Building and Breaking Bonds by Homogenous Nucleation in Glass-Forming Melts Leading to Transitions in Three Liquid States

The thermal history of melts leads to three liquid states above the melting temperatures T(m) containing clusters—bound colloids with two opposite values of enthalpy +Δε(lg) × ΔH(m) and −Δε(lg) × ΔH(m) and zero. All colloid bonds disconnect at T(n+) > T(m) and give rise in congruent materials, through a first-order transition at T(LL) = T(n+), forming a homogeneous liquid, containing tiny superatoms, built by short-range order. In non-congruent materials, (T(n+)) and (T(LL)) are separated, T(n+) being the temperature of a second order and T(LL) the temperature of a first-order phase transition. (T(n+)) and (T(LL)) are predicted from the knowledge of solidus and liquidus temperatures using non-classical homogenous nucleation.

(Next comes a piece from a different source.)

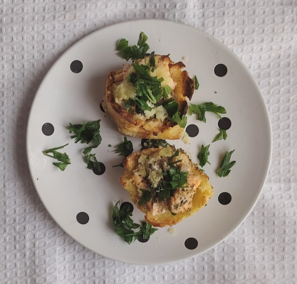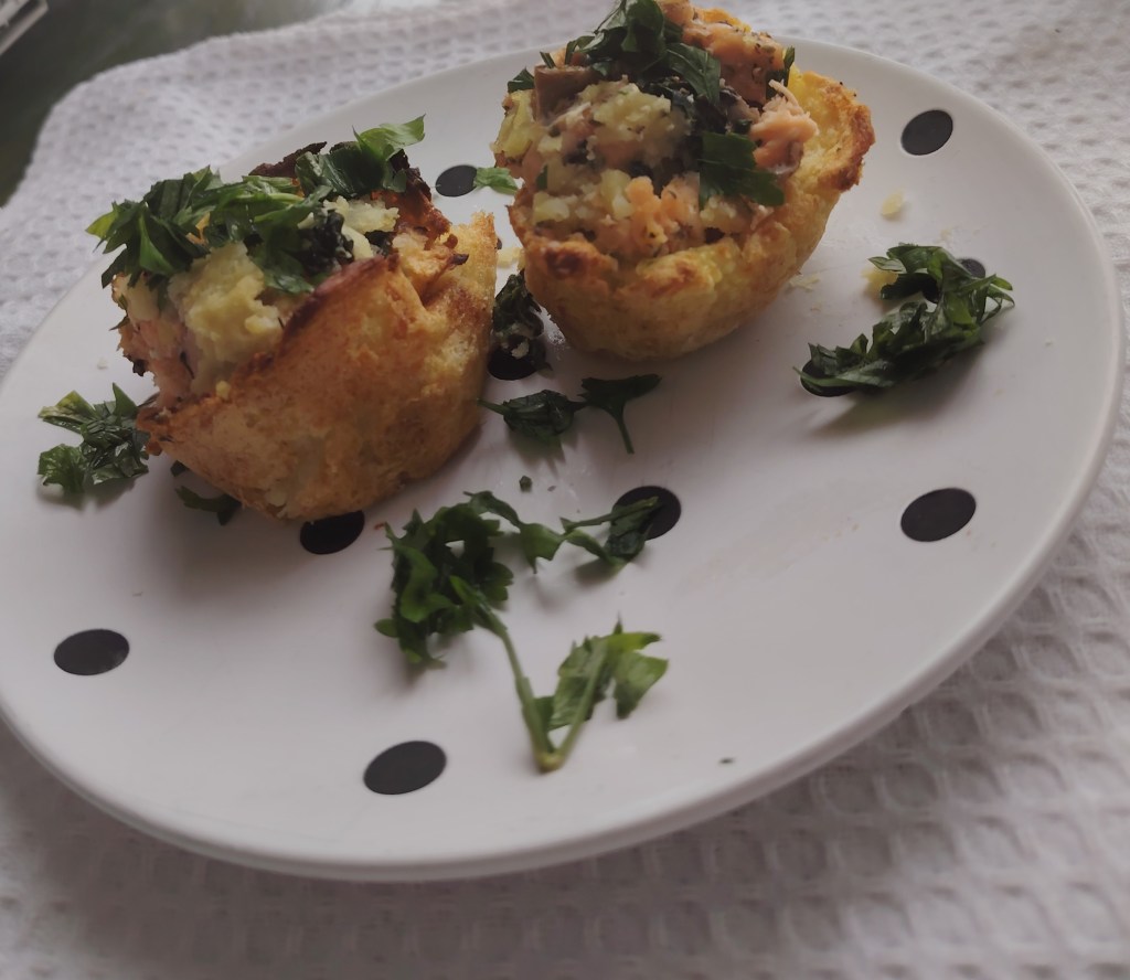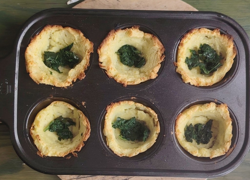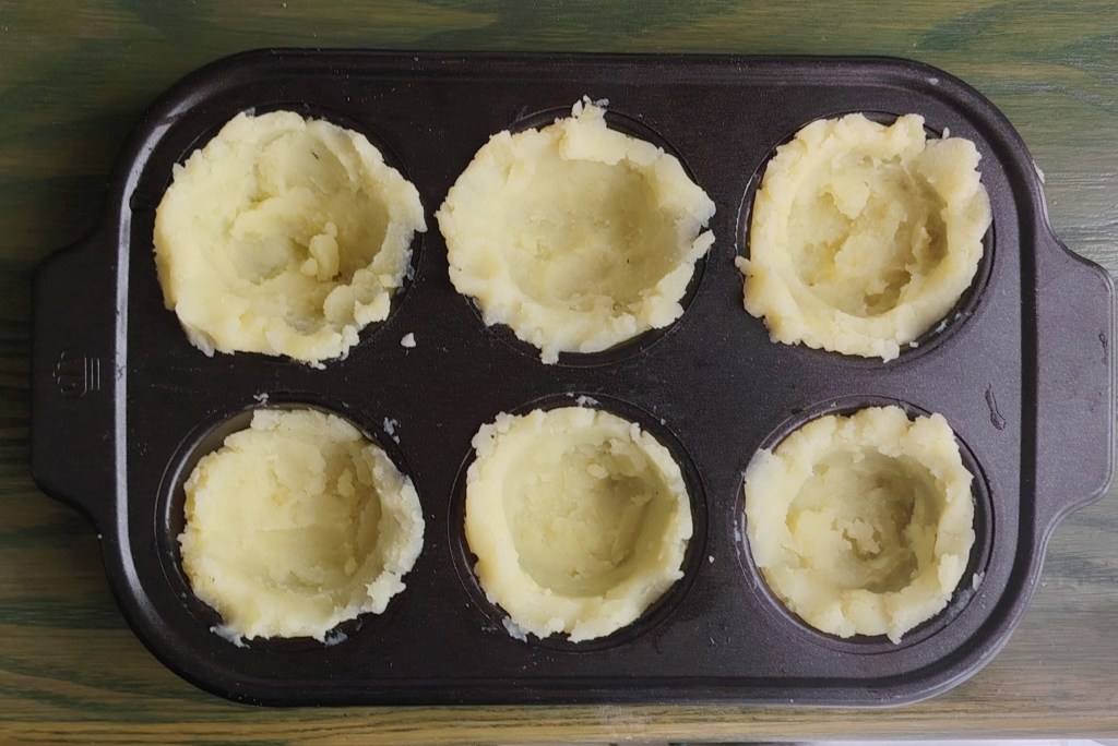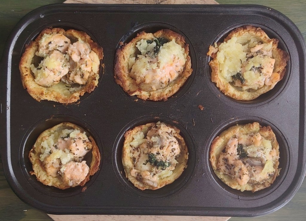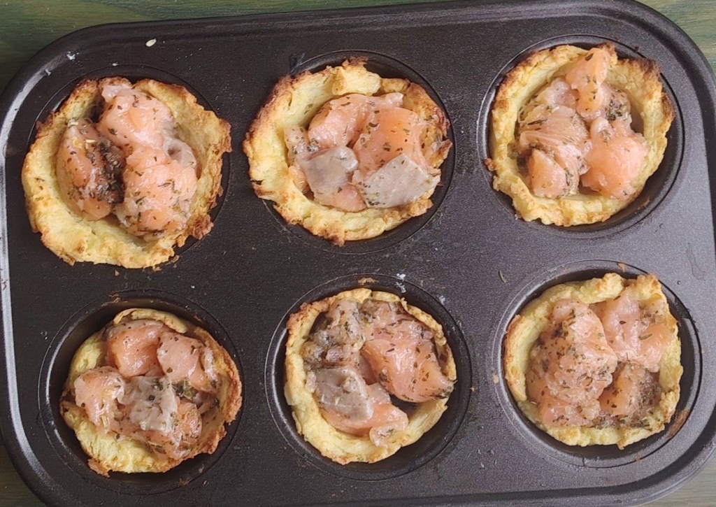 Skuhani i posoljeni pire krumpira staviti u namašćene otvore kalupa za muffine, stisnuti s prstima ili malom čašicom kako bi se napravila rupa i krompir se rasporedio oko ruba. Peče se u pećnici na 180 stupnjeva 15-ak minuta. Za to vrijeme se marinira losos narezan na kockice (maslinovo ulje, mješavina mediteranskih začina, malo soli i malo limuna). Kada se izvadi kalup u otvore se stavi blitva pa marinirani losos i vrati u pećnicu još dvadesetak minuta. Poslužuje se toplo kao predjelo ili lagana večera.

The first-order transition at T(LL) gives rise by cooling to a new liquid state containing colloids. Each colloid is a superatom, melted by homogeneous disintegration of nuclei instead of surface melting, and with a Gibbs free energy equal to that of a liquid droplet containing the same magic atom number. Internal and external bond number of colloids increases at T(n+) or from T(n+) to T(g). These liquid enthalpies reveal the natural presence of colloid–colloid bonding and antibonding in glass-forming melts. The Mpemba effect and its inverse exist in all melts and is due to the presence of these three liquid states.